I am a huge fan of the Heros family. I currently have a gold severum and a beautiful Rotkeil and I would love to expand my collection, but I am having a hard time deciding and finding my next fish.

Everywhere I look, all I can find are the gold severum and sometimes the odd rotkeil, but I want something more unique and natural. I especially have my eye on the Heros Notatus and would love to get my hands on some wild caught Heros efasciatus or perhaps some true mouth brooders. Jeff Rapps has some Heros Atabapo listed, but I am not sure what they look like.

If anyone knows of some unique Heros they could suggest, I would be very thankful. Also, I have decided that I cannot find the fish I want locally so does anyone know of more reputable on-line dealers like Jeff Rapps they could suggest.


----------



## DirtyBlackSocks

Rapp's is pretty much the go to guy when it comes to oddball SA and CA cichlids.


----------



## Toby_H

This forum does not allow us to discuss individual retailers in the open forum... so I expect this thread to be locked as soon as a Mod finds it...

But in the meantime... I'm not a Mod 

Ken Davis out of Atlanta has a pretty wide variety of stock available and also has a lot of connections in the hobby... he may be able to help you...

I've bought some fish from Danny of TNT Cichlids (formerly Motor City Cichlids or Tiny## on aquabid) and had a really good experience with him. I don't believe he has Sevs in stock now but he also has a lot of connections in the hobby...

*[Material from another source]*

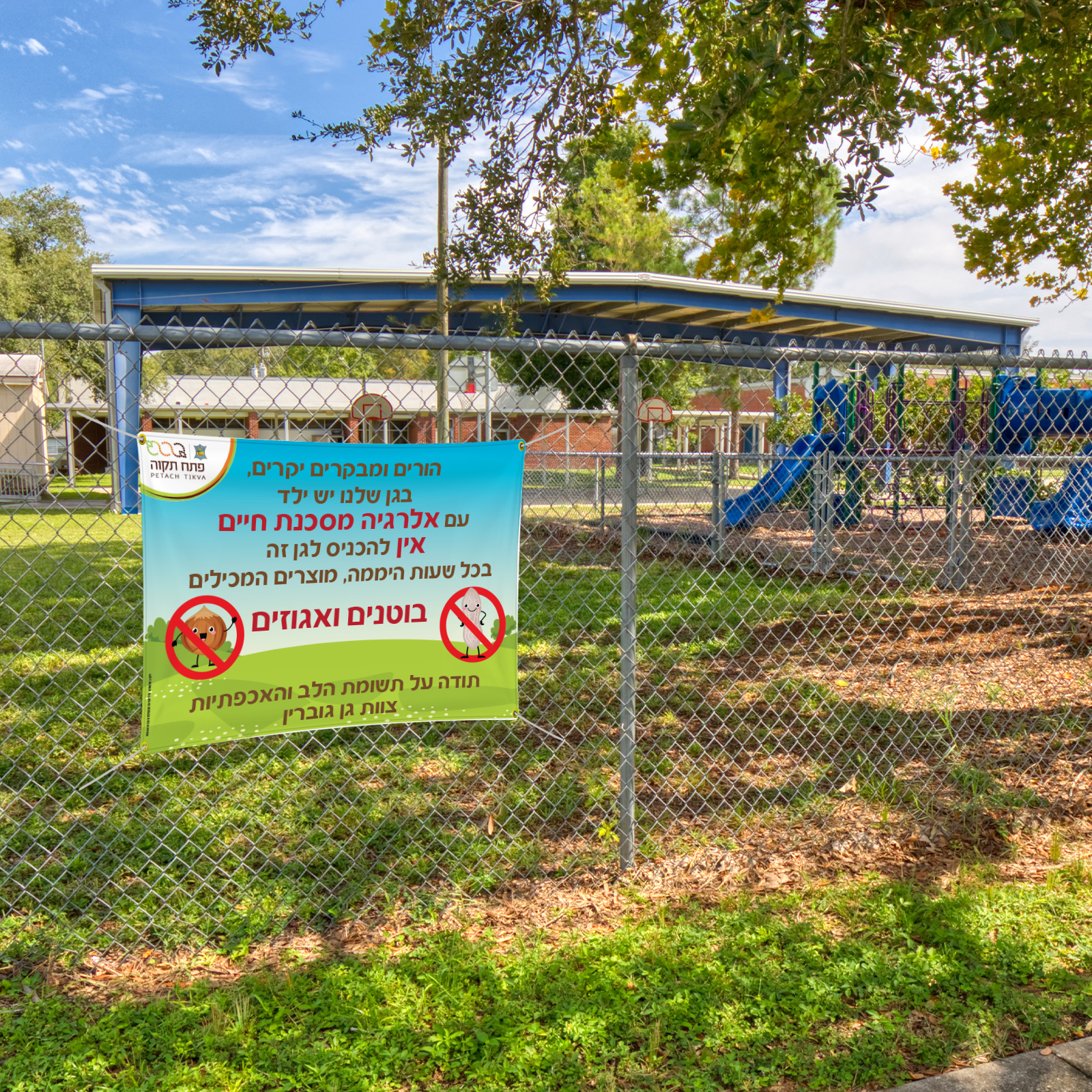 שלט שמשונית לציון מתחם שאסור באלרגנים

As mentioned of course Jeff Rapps is a reputable supplier with a huge stock and extensive connections...

There are also many other quality suppliers that may be able to help you out... but these are the 3 I've enjoyed working with most recently...


----------



## Ded Revil

nc_nutcase said:


> This forum does not allow us to discuss individual retailers in the open forum... so I expect this thread to be locked as soon as a Mod finds it...


It's been this long, so maybe a mere recommendation is tolerated to an extent?


----------



## DeadFishFloating

Ded Revil said:


> It's been this long, so maybe a mere recommendation is tolerated to an extent?


Nah! Kim just hasn't put her glasses on yet. :wink:


----------



## illy-d

I've always felt that Heros sp. 'Rotkiel' is just a synonym or maybe a colour varient of the Heros Notatus - and so far I haven't found anything conclusive so support or refute this half baked observation... If I was looking for a specific, unique Severum I think I would want to keep a pair of the mouth brooding ones!


----------



## chrispyweld

Anyone heard of or seen a full grown "Pineapple" Severum?

I picked one up recently but it is small. It is bright yellow some times to a day glow yellow green color others. They had it with greens and golds at the LFS.


----------



## auratum

I bought 4 of the pineapple severum about a month ago. They look like a gold severum with some red dots sprinkled on them. Not as much red as the photos I have seen of the "red spot" severum, which is what I am looking for. When I got them, I was hoping they might grow into the red, but after seeing photos of someone elses juvi red, I am thinking that I didn't get what I was looking for. They are beautiful fish, but not as much red as I wanted.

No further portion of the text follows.